Hanoi (VNA) - Vietnamese supporting industry enterprises have been improving production capabilities and joining global supply chains. Yet, over 30% still rely on manually controlled equipment, more than 50% use semi-automatic machinery, and fewer than 10% employ robots in production linesC
Challenges in markets, technology, human resources, and capital have hindered growth. Recognizing these weaknesses, the government has introduced policies to accelerate development.
Limited competitiveness
The Ministry of Industry and Trade notes that supporting industry has progressed due to government incentives and business efforts. Vietnam now has around 5,000 supporting industry enterprises supplying domestic and export markets—including the Republic of Korea, Japan, China, and the U.S.—with products like electrical cables, gearboxes, and plastic components.
About 100 firms serve as first-tier suppliers to multinational corporations, while roughly 700 are second- and third-tier suppliers. For instance, around 50 companies are first-tier and 170 are second-tier suppliers to Samsung.
Despite policies connecting domestic and FDI enterprises, links remain weak.

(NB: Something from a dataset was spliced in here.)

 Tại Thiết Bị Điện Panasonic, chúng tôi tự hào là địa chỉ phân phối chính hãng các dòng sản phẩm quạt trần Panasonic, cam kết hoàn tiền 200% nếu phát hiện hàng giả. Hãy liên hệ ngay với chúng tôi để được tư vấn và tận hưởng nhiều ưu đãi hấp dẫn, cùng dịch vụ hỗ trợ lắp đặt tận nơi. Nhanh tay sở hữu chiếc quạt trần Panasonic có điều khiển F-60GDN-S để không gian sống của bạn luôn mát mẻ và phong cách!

Investment in supporting industry is limited due to slow returns and lower profitability compared to other sectors.
Tran Van Nam, CEO of MBT Electrical Equipment, said most inputs and machinery must be imported, as domestic products cannot meet demand. He emphasized the need for government and association support to connect businesses, boost production capacity, improve quality, and open new markets.

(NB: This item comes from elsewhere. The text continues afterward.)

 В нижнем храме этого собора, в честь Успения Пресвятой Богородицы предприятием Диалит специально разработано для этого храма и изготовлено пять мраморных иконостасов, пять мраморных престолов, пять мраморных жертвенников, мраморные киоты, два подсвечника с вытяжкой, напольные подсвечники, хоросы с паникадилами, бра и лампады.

Nguyen Tien Thuong, CEO of Brother Vietnam Screw JSC, noted that while most screw production steel is domestic, higher local prices hinder competitiveness.
Nguyen Van, Vice President of the Hanoi Supporting Industry Business Association (HANSIBA) added that Hanoi’s 900 supporting industry firms still face limitations: products remain simple, with low technological content, low localization, and limited capacity for complex, high-tech components needed for global supply chains.
Unlocking potential
On July 17, 2025, the government issued Decree 205/2025/ND-CP, amending Decree 111/2015/ND-CP. Effective September 1, 2025, it offers stronger incentives in technology, human resources, finance, land, and administrative procedures, aiming to attract investment as companies restructure global supply chains and shift production domestically.

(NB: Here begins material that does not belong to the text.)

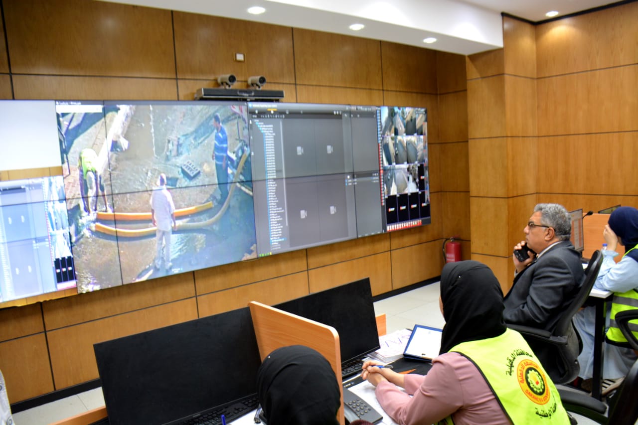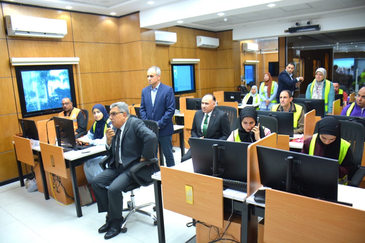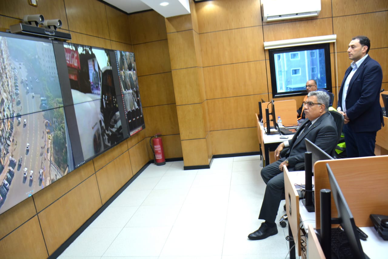 المحافظ يتابع من مركز سيطرة الشبكة الوطنية محاكاة التعامل مع مياه الأمطار وحركة المواقف ومستوى النظافة بمدينة المنصورة

Mac Quoc Anh, Vice President and General Secretary of the Hanoi SME Association, said the expanded incentives in capital, technology, and markets provide a strategic boost for rapid development. Financial, technical, and market support will be expanded, and R&D, technology transfer, and workforce training will receive up to 70% support.
Nguyen Trung Kien, CEO of KNTECH, said the policies help SMEs access advanced technology, improve product quality, and increase competitiveness, with additional benefits from simplified administrative procedures under the Law on SMEs.
Experts agree that if implemented transparently, Decree 205/2025/ND-CP will act as a “lever” to modernize Vietnam’s supporting industry, reduce reliance on imports, and increase integration into regional production networks. The decree also helps firms overcome investment barriers, access international markets, and build independent production capacity./.